Deployment Issues¶

Issues related to the container runtime and infrastructure — pods not starting, images not pulling, or containers failing to run.

Prerequisites

Troubleshooting commands require administrative (sudo) privileges and kubectl access to the cluster (for Kubernetes deployments) or Docker CLI access (for Docker deployments).

Kubernetes¶

These entries cover Kubernetes-specific deployment failures, including pod scheduling, image pulls, and PVC provisioning.

Pods Not Reaching Running State¶

Symptom

kubectl get pods -n <namespace> shows one or more pods in Pending, CrashLoopBackOff, Error, or Init:0/1 state.

Cause

Pods can fail to start for several reasons:

Insufficient CPU, memory, or storage on cluster nodes
Misconfigured values in .values.yaml (e.g., invalid passwords, missing required fields)
Persistent Volume Claims (PVCs) cannot be fulfilled by the configured storage class
Database initialization failure due to incorrect credentials

Diagnostic steps

List all pods and identify the failing one:
```
kubectl get pods -n <namespace>
```

Inspect pod events for scheduling or resource errors:

kubectl describe pod <pod-name> -n <namespace>

Check container logs for application-level errors:
```
kubectl logs <pod-name> -n <namespace>
```

For pods with multiple containers, specify the container name:

kubectl logs <pod-name> -c <container-name> -n <namespace>

Review PVC status:
```
kubectl get pvc -n <namespace>
```

Resolution

Pending pods due to insufficient resources — scale the cluster or reduce resource requests in .values.yaml.
Pending PVCs — verify that storageClasses.standardClass and storageClasses.databaseClass match available storage classes in your cluster (kubectl get sc).
CrashLoopBackOff pods — check logs for the specific error. Common fixes include correcting database passwords or admin credentials in .values.yaml, then reapplying:

helm upgrade excalibur-v4 xclbr/excalibur -f .values.yaml --namespace <namespace>

After applying the fix, verify all pods are running:

kubectl get pods -n <namespace>

All pods should show Running status with all containers ready (e.g., 1/1).

Image Pull Errors¶

Symptom

Pods are stuck in ImagePullBackOff or ErrImagePull state. Events show Failed to pull image messages.

Cause

Image pull failures occur when the registry credentials are invalid or the registry is unreachable:

Invalid or expired GitHub Personal Access Token (PAT)
Image pull secret not created or not associated with the service account
Network restrictions blocking access to ghcr.io
Incorrect image tag or version specified

Diagnostic steps

Check pod events for image pull details:

kubectl describe pod <pod-name> -n <namespace> | grep -A 5 "Events"
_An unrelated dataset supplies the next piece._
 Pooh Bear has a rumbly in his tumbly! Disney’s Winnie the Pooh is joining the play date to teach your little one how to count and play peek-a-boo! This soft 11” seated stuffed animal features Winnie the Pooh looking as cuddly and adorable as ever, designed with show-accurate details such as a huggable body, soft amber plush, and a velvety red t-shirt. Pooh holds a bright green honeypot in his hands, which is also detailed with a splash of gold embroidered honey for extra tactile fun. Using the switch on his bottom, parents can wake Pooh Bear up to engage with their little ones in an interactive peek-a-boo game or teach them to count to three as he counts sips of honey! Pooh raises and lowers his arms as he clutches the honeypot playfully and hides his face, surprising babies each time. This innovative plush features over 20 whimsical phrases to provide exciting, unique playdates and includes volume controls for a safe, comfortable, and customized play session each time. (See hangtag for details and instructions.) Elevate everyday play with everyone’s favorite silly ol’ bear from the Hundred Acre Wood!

Verify the image pull secret exists:

kubectl get secrets -n <namespace> | grep regcred

Test registry connectivity from the cluster:
```
curl -v https://ghcr.io
```

Resolution

Expired or invalid PAT — verify your GitHub PAT has the read:packages scope and has not expired. Update the token in .values.yaml and reapply:

helm upgrade excalibur-v4 xclbr/excalibur -f .values.yaml --namespace <namespace>

Network restrictions — allow outbound HTTPS traffic to ghcr.io:443 in your firewall or proxy configuration.
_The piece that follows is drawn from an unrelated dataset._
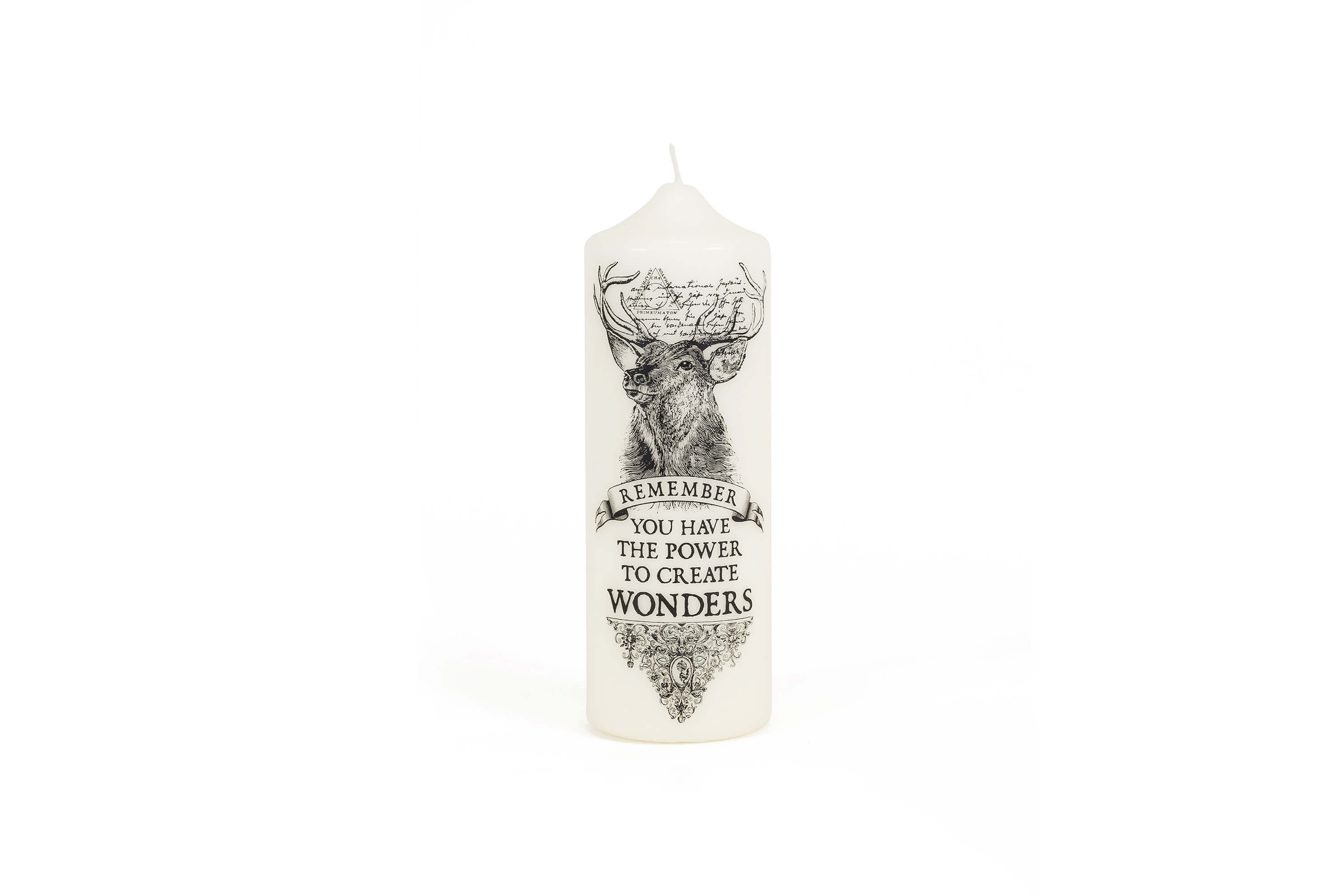 Our Visionary pillar candles represent the triumph & protection of light over darkness, embodying messages of power and positivity to heal the heart and soul. They are made in the ancient Italian tradition with unscented mineral and vegetable wax.

After applying the fix, verify pods transition to Running:

kubectl get pods -n <namespace>

Docker¶

These entries cover Docker-specific deployment failures, including container startup, registry authentication, and host resource issues.

Docker Containers Not Starting¶

Symptom

After running docker compose up --detach, docker ps shows containers in Exited, Restarting, or missing entirely.

Cause

Container startup failures are typically caused by invalid configuration or host-level resource constraints:

Invalid credentials in the .env file
Docker login to ghcr.io failed or the session expired
Port conflicts with services already running on the host
Insufficient disk space or memory on the host

Diagnostic steps

Check the status of all containers (including stopped ones):
```
docker ps -a
```
View container logs for the failing service:
```
docker logs <container-name>
```

Verify Docker registry authentication:

docker login --username excalibur-enterprise --password <provided-token> ghcr.io

Check available disk space and memory:
```
df -h && free -h
```

Resolution

Expired authentication — re-run docker login with a valid token.
Invalid .env values — fix the values and re-create the containers:

docker compose --env-file .env --file <filename>.yml up --detach

Port conflicts — stop the conflicting service or remap ports in the compose file.
Insufficient disk space — free up space or mount additional storage.

Warning

Running docker compose down removes containers and their data. Use this command only if you intend to re-create the deployment from scratch, or ensure volumes are configured for data persistence.

After applying the fix, verify all containers are running:

docker ps

All containers should show Up status with healthy health checks.